> TO DO
Down to the last line, write out the entries below exactly and omit all pictures.
───── RECORDS SUPPLIED ─────
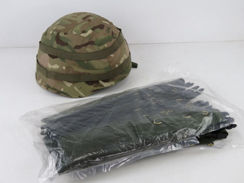 A British Military MK7 helmet with MTP helmet cover, size small. Together with ten SA80 scabbards 'as new' in packet.
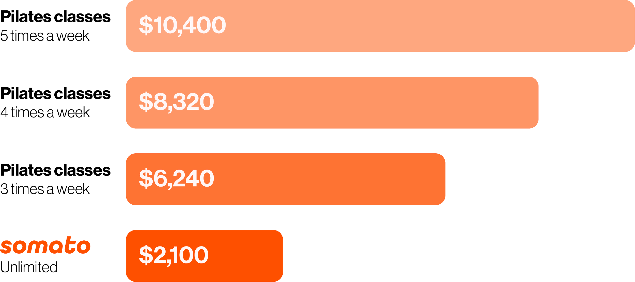 At $40 a class, studio Pilates adds up fast. With Somato, you’re making an investment in your health and well-being that pays for itself in no time—giving you the freedom to move, stretch, and strengthen whenever you want.
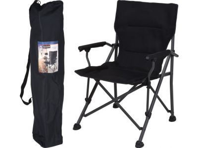 Cette chaise de camping a une hauteur de 90 cm. La hauteur d'assise est de 47,5 cm, la largeur d'assise de 48,5 cm et la profondeur d'assise de 43 cm. La chaise est livrée dans une élégante version noire.
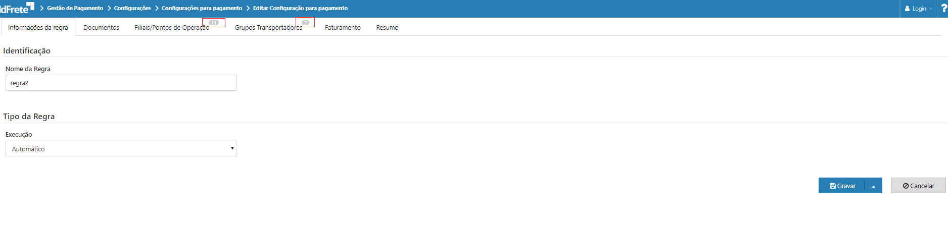 Configuração de Regras de Pagamento - Grupos Transportadores |
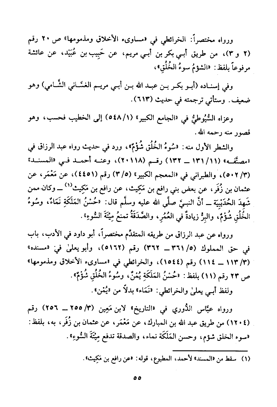 ورواه مختصرًا: الخرائطي في "مساوئ الأخلاق ومذمومها" ص ٢٠ رقم (٢ و ٣)، من طريق أبي بكر بن أبي مريم، عن حَبِيب بن عُبَيْد، عن عائشة مرفوعًا بلفظ: "الشؤمُ سوءُ الخُلُقِ"،
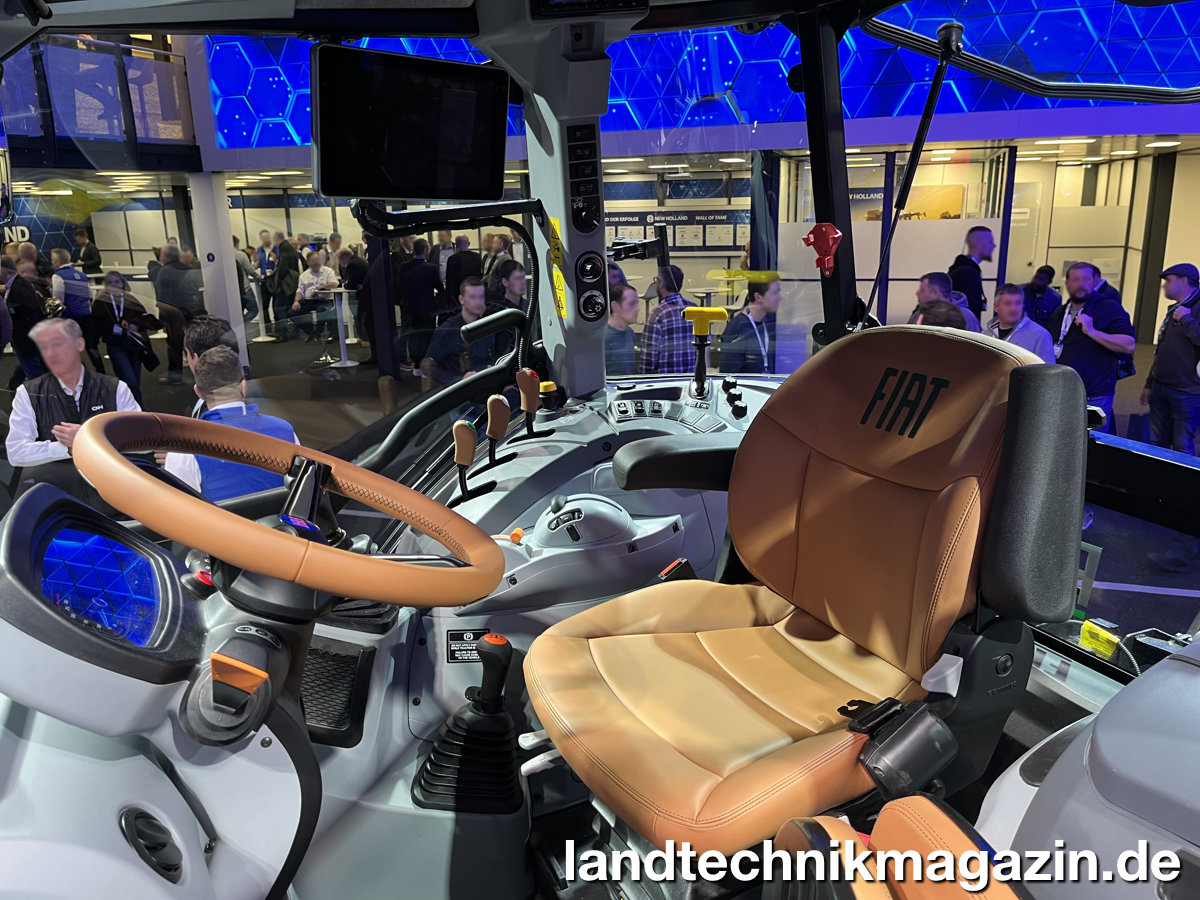 Die maximale Geschwindigkeit soll 40 km/h betragen, die Hydraulik arbeitet mit einer 64 l/min-Pumpe, die sich auf Wunsch durch die MegaFlow-Pumpe mit 82 l/min eretzen lässt und die Heckhubkraft beträgt 4.700 kg. Um neuesten Entwicklungen Rechnung zu zollen, ist »Il Trattore« mit Terraglide-Vorderachsfederung, dem IntelliView 12 Display, FieldOps Connectivity und dem CustomSteer System ausgerüstet, mit dem die Anzahl der jeweils erforderlichen Lenkradumdrehungen verringert werden kann. Allerdings: Dieses lederbezogene Lenkrad möchte man doch den ganzen Tag drehen.
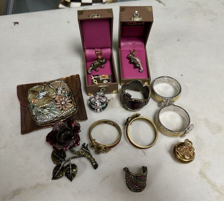 Group of Jay Strongwater Enamel Ornaments, Napkin Rings, and Trinket , Location Wood Slant Case Group of Jay Strongwater Enamel Ornaments, Napkin Rings, and Trinket , Location Wood Slant Case
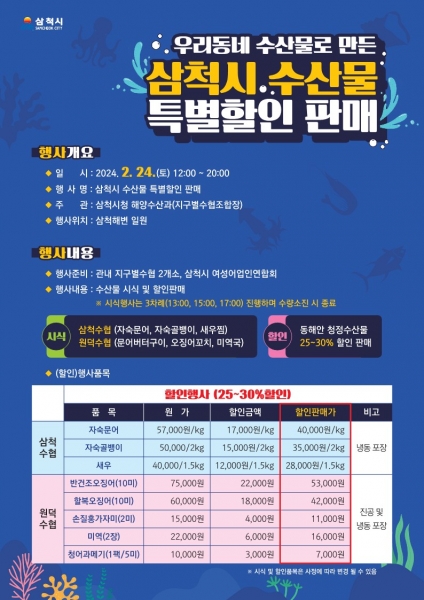 시 관계자는 “전국 최대 삼척정월대보름제 행사와 연계해 관광객과 시민들에게 신선한 지역 수산물을 저렴한 가격으로 구매하고 시식 체험의 기회를 드리고자 행사를 진행하게 됐으며 본 행사를 통해 지역 수산물을 적극 홍보해 지역 어업인의 소득에 많은 도움이 될 수 있도록 추진하겠다”고 전했다.
─────
> ANSWER TO THIS EXERCISE
 A British Military MK7 helmet with MTP helmet cover, size small. Together with ten SA80 scabbards 'as new' in packet.
 At $40 a class, studio Pilates adds up fast. With Somato, you’re making an investment in your health and well-being that pays for itself in no time—giving you the freedom to move, stretch, and strengthen whenever you want.
 Cette chaise de camping a une hauteur de 90 cm. La hauteur d'assise est de 47,5 cm, la largeur d'assise de 48,5 cm et la profondeur d'assise de 43 cm. La chaise est livrée dans une élégante version noire.
 Configuração de Regras de Pagamento - Grupos Transportadores |
 ورواه مختصرًا: الخرائطي في "مساوئ الأخلاق ومذمومها" ص ٢٠ رقم (٢ و ٣)، من طريق أبي بكر بن أبي مريم، عن حَبِيب بن عُبَيْد، عن عائشة مرفوعًا بلفظ: "الشؤمُ سوءُ الخُلُقِ"،
 Die maximale Geschwindigkeit soll 40 km/h betragen, die Hydraulik arbeitet mit einer 64 l/min-Pumpe, die sich auf Wunsch durch die MegaFlow-Pumpe mit 82 l/min eretzen lässt und die Heckhubkraft beträgt 4.700 kg. Um neuesten Entwicklungen Rechnung zu zollen, ist »Il Trattore« mit Terraglide-Vorderachsfederung, dem IntelliView 12 Display, FieldOps Connectivity und dem CustomSteer System ausgerüstet, mit dem die Anzahl der jeweils erforderlichen Lenkradumdrehungen verringert werden kann. Allerdings: Dieses lederbezogene Lenkrad möchte man doch den ganzen Tag drehen.
 Group of Jay Strongwater Enamel Ornaments, Napkin Rings, and Trinket , Location Wood Slant Case Group of Jay Strongwater Enamel Ornaments, Napkin Rings, and Trinket , Location Wood Slant Case
 시 관계자는 “전국 최대 삼척정월대보름제 행사와 연계해 관광객과 시민들에게 신선한 지역 수산물을 저렴한 가격으로 구매하고 시식 체험의 기회를 드리고자 행사를 진행하게 됐으며 본 행사를 통해 지역 수산물을 적극 홍보해 지역 어업인의 소득에 많은 도움이 될 수 있도록 추진하겠다”고 전했다.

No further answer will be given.